[ZBX-21716] Agent 2 throws ‘first network error’ on a regular basis Created: 2022 Sep 30  Updated: 2022 Nov 08

Status: Reopened
Project: ZABBIX BUGS AND ISSUES
Component/s: Agent (G)
Affects Version/s: 6.0.9, 6.2.2, 6.2.3
Fix Version/s: None

Type: Problem report Priority: Trivial
Reporter: Jeffrey Descan Assignee: Victor Breda Credidio
Resolution: Unresolved Votes: 3
Labels: None
Remaining Estimate: Not Specified
Time Spent: Not Specified
Original Estimate: Not Specified
Environment:

Zabbix Agent2 (v6.0.x, v6.2.x) on Linux (Debian) and Windows
Zabbix Server: 6.2.3
Zabbix Proxy: 6.2.3


Attachments: PNG File Screenshot 2022-10-04 at 09.28.34.png     File Zabbix Network Error - web012.ctr.csv     PNG File image-2022-10-04-09-39-05-943.png     Text File web012-ctr.zabbix_agent2.log     Text File windows-zabbix_agent2.log     File zabbix-agent2_6.2.4-0.ZBX21716+debian11_amd64.deb     File zabbix-agent2_6.2.4-0.ZBX21716F+debian11_amd64.deb     File zabbix-proxy-mysql_6.2.4-0.ZBX21716+debian11_amd64.deb    

 Description   

Description

 

In our queues we’ve noticed regular Zabbix Agent 2 being ‘stuck’ or taking too much time for basic items.
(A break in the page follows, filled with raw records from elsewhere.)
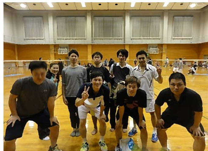
府中ドラゴンズ 玄武
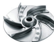
VORTEX ROTOR ANTIBLOCKING SYSTEM
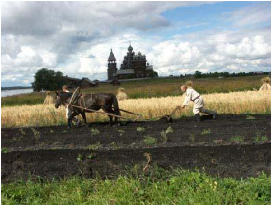
ВЕНЕЦИАНОВ «НА ПАШНЕ»
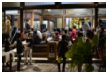
主催者代表による挨拶
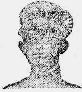
Srs. Viuva Silveira & Filhos

85 TESTEMUNHAS CONFIRMAM A MARAVILHOSA CURA
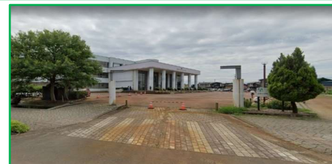
見附小学校 徒歩7分(550m)
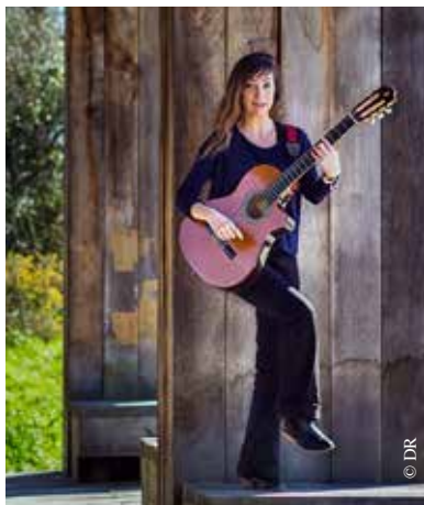
Lodie, des chansons françaises fraîches et dynamiques.
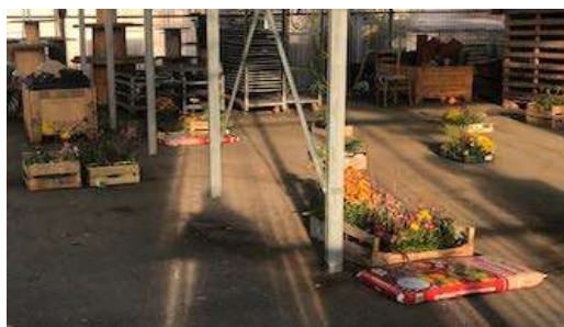
Cagettes horticoles de l'AMAP de l'Ozon, La Talaudière, Loire.
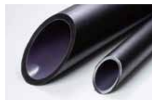
〈成形事例〉多層押出成形
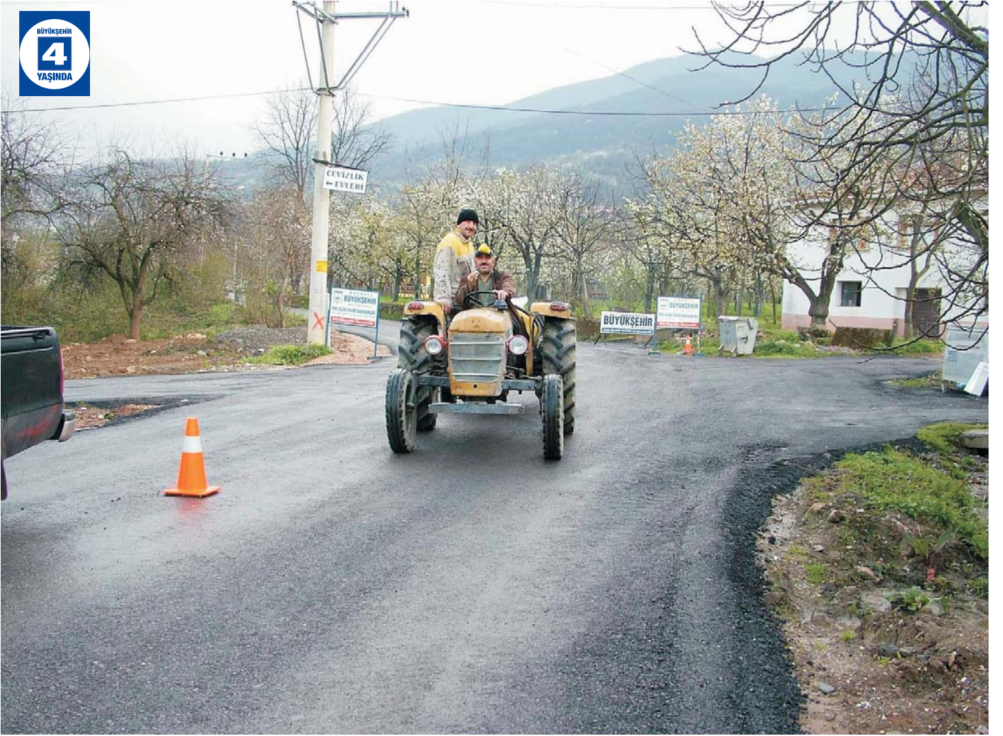
Suadiye Balaban Yolu
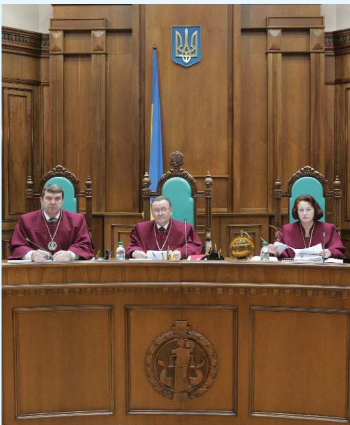
Голова Конституційного Суду України Домбровський І.П., його заступники — Пшеничний В.Г., Станік С.Р.

Якщо говорити про діяльність Конституційного Суду України протягом минулого десятиліття, то не можна не згадати, що вона відбувалася в умовах здійснення в країні реформ, пов'язаних зі складними, суперечливими явищами і процесами в її політичному, економічному, соціальному, культурному житті. З перших кроків свого функціонування Суд виступив на захист чинного конституційно-правового поля, обґрунтовував у своїх рішеннях і висновках засади здійснення державної влади в Україні, необхідність додержання Конституції органами державної вла-
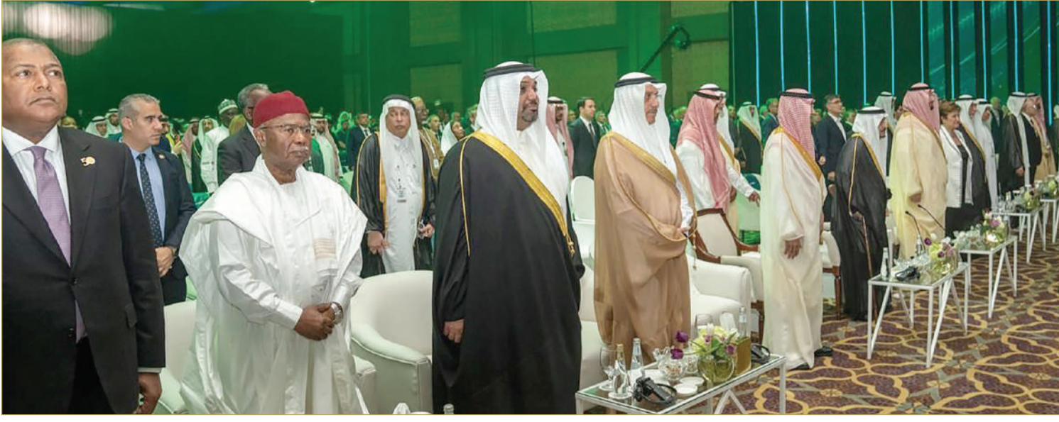
وزير المالية والاقتصاد الوطني يحضر حفل اليوبيل الذهبي للبنك الإسلامي للتنمية

Through our centralized logging we’ve found out that on all our 20 proxies that they are all behaving in the same exact way.

 

Our proxy logs are containing the following errors:

 

Zabbix agent item "perf_counter_en["\Memory\Cache Bytes"]" on host "A" failed: first network error, wait for 45 seconds
Zabbix agent item "system.cpu.util[,user]" on host "B" failed: first network error, wait for 45 seconds
Zabbix agent item "system.uptime" on host "C" failed: first network error, wait for 45 seconds
Zabbix agent item "perf_counter_en["\PhysicalDisk(2 E:)\% Disk Time",60]" on host "D" failed: first network error, wait for 45 seconds

 

In our complete infrastructure we’re seeing this kind of log line 150 000 times over a period of 48 hours. It looks quite severe that agents are being marked as unreachable for a period of time, resulting in data being pushed too late and/or data points are not collected as we’re expecting.

containing the exact same error. For this case we’ll be focusing on a host we refer to as ‘web012.ctr’.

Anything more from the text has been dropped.